# WHAT NEEDS TO BE DONE:
Starting with the line that has "Schiesser Pajamas Long" and finishing with the line that has "地铁方面,项目近距离靠近4号", set down each line below exactly. Pictures are not copied.

# MATERIAL SHOWN:

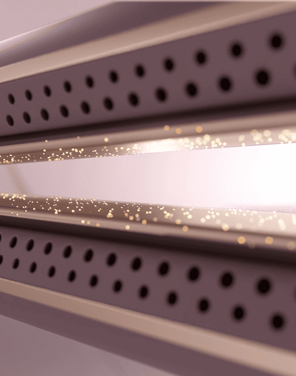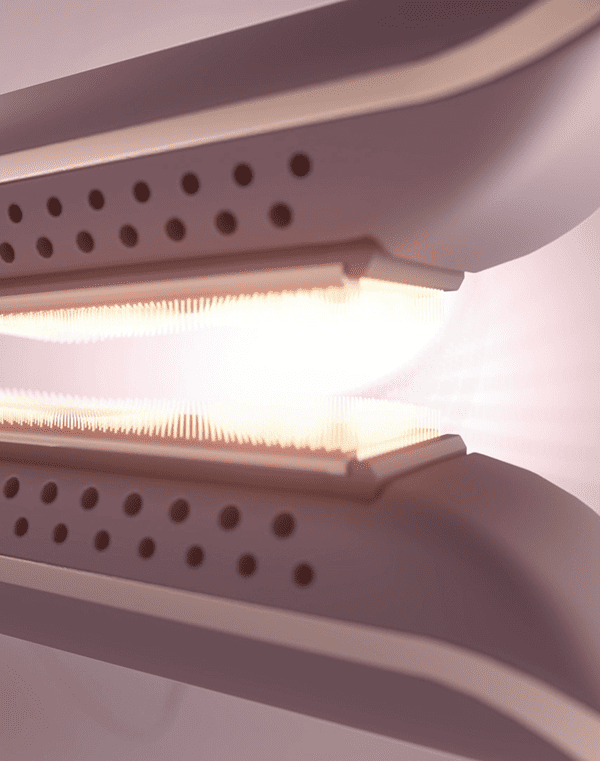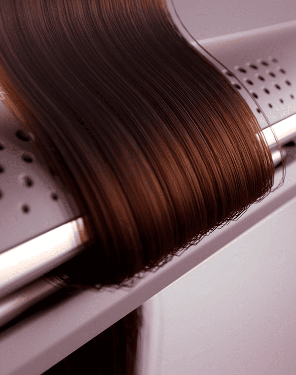 Si puedes escuchar el ventilador, significa que el aire se está distribuyendo a través de las rejillas de salida ubicadas en el borde de las placas alisadoras. La velocidad del flujo de aire es intencionalmente más suave que en el Modo Húmedo para enfriar tu cabello sin alterar la superficie suave de los mechones recién peinados.
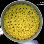 3. 加入盐和糖,拌至混合,以中火炒5分钟,然后调低至中小火继续炒6-7分钟,直到内馅不沾锅,所得的分量是约240克。
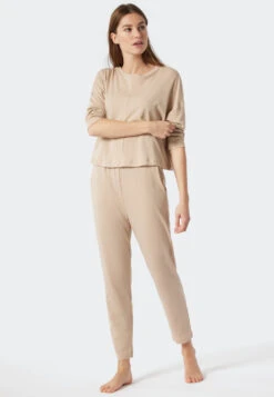 Schiesser Pajamas Long Modal Oversized Shirt Short-sleeved Sand-color Stripes – Modern Nightwear
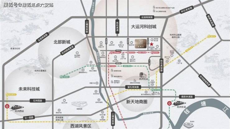 地铁方面,项目近距离靠近4号线和规划中的15号线。高架方面,向东约1.5公里是秋石高架,往北约2公里是运溪高架,向西连通上塘高架,实现了南连武林,西抵云城、未来科技城的交通格局,形成了半小时杭州生活圈。
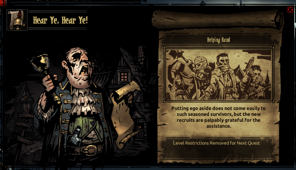Next time, we’ll be taking advantage of the free supplies for a mid-level boss quest, and maybe finally build up the confidence to do a champion level quest. I gotta head into that Darkest Dungeon eventually…
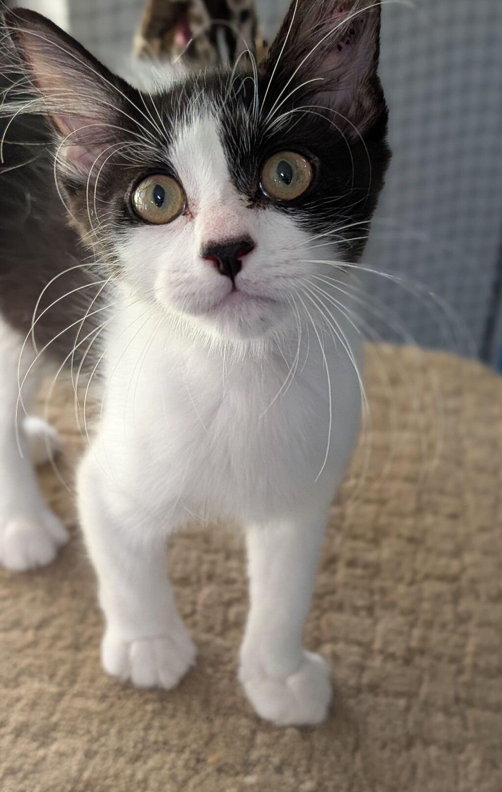 I have a sad back story because my mother was taken to the Pound when she was found in a barrel of oil. The day later she had our litter and we were brought up to the RSPCA. Our mother Elly was covered in oil and had ingested some so we were all oily little slugs and it wasn't certain if we would all survive. We went into foster care at 2 days old with our mother and now 14 weeks later we are big healthy kittens and the boys have had our vet work done, so I am available to find my forever home and hope that you like me. I am a very active kitten, liking a rough and tumble with my littermates and I am a speed freak and love to climb cat towers. I purr loudly and will lie on the couch with you but if I get too much handling I can be silly and nibble instead of licking, so know my limits until I mature a little more.

# ANSWER BOX:
 Schiesser Pajamas Long Modal Oversized Shirt Short-sleeved Sand-color Stripes – Modern Nightwear
 地铁方面,项目近距离靠近4号线和规划中的15号线。高架方面,向东约1.5公里是秋石高架,往北约2公里是运溪高架,向西连通上塘高架,实现了南连武林,西抵云城、未来科技城的交通格局,形成了半小时杭州生活圈。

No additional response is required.